В голове пронеслось: случилась трагедия, или «трагедия-трагедия». По шкале несчастий трагедия – смерть от сердечного приступа на перроне, а «трагедия-трагедия» – когда тебя переезжает поезд.

Признаюсь, что ни к одному развитию событий я сегодня не была готова. С утра были шикарные планы: художественный магазин, кофе с огромным штруделем. Далее ждали выставка русских импрессионистов и салон пряжи. Вот как я хотела провести этот прекрасный день. А там труп!

– Девушка, а где он лежит? – аккуратно спрашиваю и при

этом оглядываюсь вокруг.

– В вагоне он. На полу лежит, руки в стороны, – снова принимается всхлипывать девушка. – Его уже накрыли, значит труп точно мёртвый.

Меня всегда пугала внезапность. Я не люблю ночные звонки, которые предвещают плохое. Что тут говорить про смерть, которая выщелкнула человека вот так, мимоходом.

Девушка продолжает ловить ртом воздух, глаза сверлят одну точку. Мимо идут и идут люди, и мне бы тоже пойти.

Но я не уйду. Моя натура состоит из неудержимого желания хоть немного побыть в драме и проявить участие.

– Девушка, наберите воздуха побольше и потихоньку его выдохните, – придумала тут же я. Ни в одном из руководств по первой помощи этого не прописано.

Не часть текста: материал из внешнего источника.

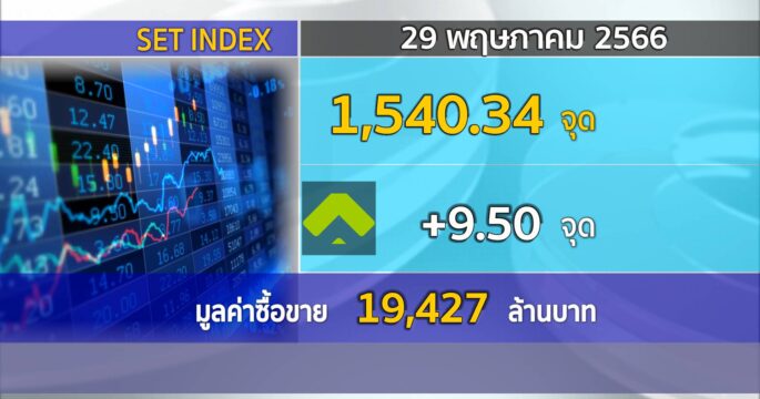 ตลาดหลักทรัพย์ฯ ปิดช่วงเช้าวันนี้ 1,540.34 จุด เพิ่มขึ้น 9.50 จุด (+0.62%) มูลค่าการซื้อขาย 19,427 ล้านบาท

Она послушно повторила. Глубоко вдохнула, и со свистом медленно стала выпускать воздух. При этом ее щеки надулись как два теннисных шарика. От этих действий видимо ей стало легче, и она смогла говорить.

– Я здесь живу уже шесть месяцев, почти привыкла к Москве. Сильная стала, но к трупам еще не привыкла. Я их боюсь! – посмотрела уже на меня и задала неожиданный вопрос. – А вы боитесь трупов?

– Очень боюсь! – чистосердечно призналась я.

– Вы, наверное, врач? – уже с интересом продолжила девушка. Плакать она перестала.

Вот это поворот, что делать? Придумать, что я терапевт? И с приличным лекарским видом смыться? Но я не Остап Ибрагимович Бендер, и, когда вру, на лице зажигается ярко-красный прожектор.

– Я патологоанатом! – выпалила я чистосердечно. Ждала нового потока слез, «аханья» и «фуканья».

Но этого не случилось. Она громко высморкала маленький носик в бумажный платок, достала зеркальце и принялась со спокойным видом вытирать потеки туши и при этом заинтересованно поглядывать на меня, как на новый экземпляр в зоопарке.

– Патологоанатом, который боится трупов… Интересненько как, Люсе расскажу! И выглядите, я бы сказала, так прилично, с прической даже. Никогда бы не подумала, что в вашей профессии есть такие. А как вы еду готовите? Сами? Вас не тошнит? А дети у вас есть? – у приободрившейся девушки оказалось очень много вопросов. Видимо, трупов она перестала бояться.

После таких вопросов всегда чувствую себя неловко. Как будто занимаюсь чем-то стыдным, например, ворую абрикосы на рынке, причем с рождения. Начинаю свое долгое объяснение, что делает врач-патологоанатом и что я очень полезный человечеству субъект. Мне даже грамоты на работе дают, только вы не знаете.

– Да, я живая! Так же, как и вы, боюсь трупов, страшилок на ночь, сглаза, тараканов и крыс. Я люблю жизнь. Знаете, я рисую акварелью. Обожаю путешествия. Я видела много стран, летала на самолётике над линиями Наска и чуть не померла от страха. Собираю старые керосиновые лампы. А ещё люблю сына и ванильное мороженое со свежей малиной!

Очень хотелось рассказать человеку, что трупы в моей интереснейшей жизни вообще не главное!

Но девушки рядом не оказалось, она уже резво перепрыгивала ступеньки поднимающегося эскалатора, повернулась и с улыбкой помахала мне на прощание. В это утро Москва сделала ее еще сильнее.